Since my confirmation, the conflict with my family’s church has only worsened. I felt a strong obligation to support my wife in raising our children in that church, so the elders granted that I would still be welcome to attend, so long as I agreed not to discuss Catholic doctrines. Having no interest in stirring controversy, I gladly agreed and kept my promise.

Yet my very presence as a Spirit-filled Christian in their midst became a threat to their belief that Catholics are not Christian, which they wanted the congregation to hold to. In the summer of 2023, the elders voted to ban me from the premises of the church, going so far as to send the deacons to confront me at a Vacation Bible School event for parents to compel me to leave. When I pushed back on their accusation that I was “proselytizing,” they considered the matter again, deciding that my simply being Catholic was sufficient reason to ban me from the church — this time using their otherwise renounced magisterial authority to apply to me the command in Romans 16 to avoid false teachers!

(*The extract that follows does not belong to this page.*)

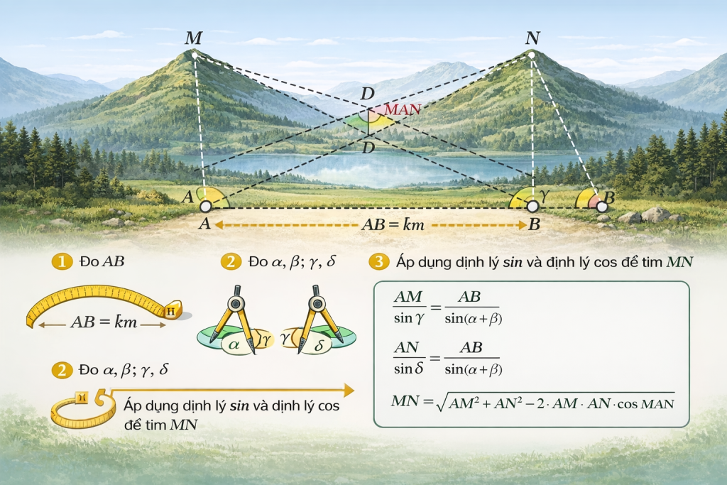 Bước 4: Tính khoảng cách giữa hai đỉnh núi ($MN$)
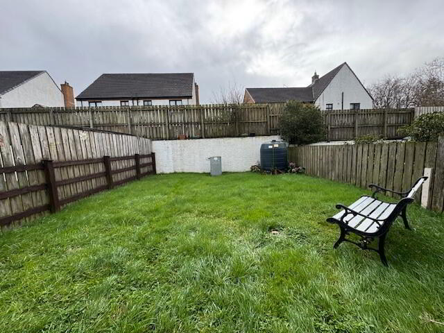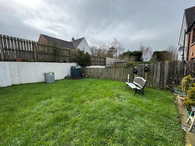 2.) South-facing rear garden area in lawn enclosed by wooden fencing. UPVC oil tank. Outside tap. Outside light. Enclosed OFCH boiler. Access to front.

Since becoming Catholic, I have experienced a spiritual revival, marked by a significant healing of my mental health problems and a renewed desire to use my gifts to build up the Church. I help teach RCIA and have started a local evangelism team for St. Paul’s Street Evangelization. Still, I feel deeply the wounds of division caused by the Protestant revolt, as these are manifest within my family. I continue to pray and strive for a unified family life that mirrors the unity of all Christians that Christ prayed for and that will be ultimately realized when He returns.


Jeremy Noonan

After graduating from Georgia Tech with chemical engineering degree, Jeremy Noonan worked on staff with Campus Crusade for Christ for five years where he met his also redheaded wife. They have four redheaded children ages 11 to 20. Following multiple, very public ethics conflicts with public schools, he found his way to St Mary’s Academy in Georgia where he teaches high school science and math.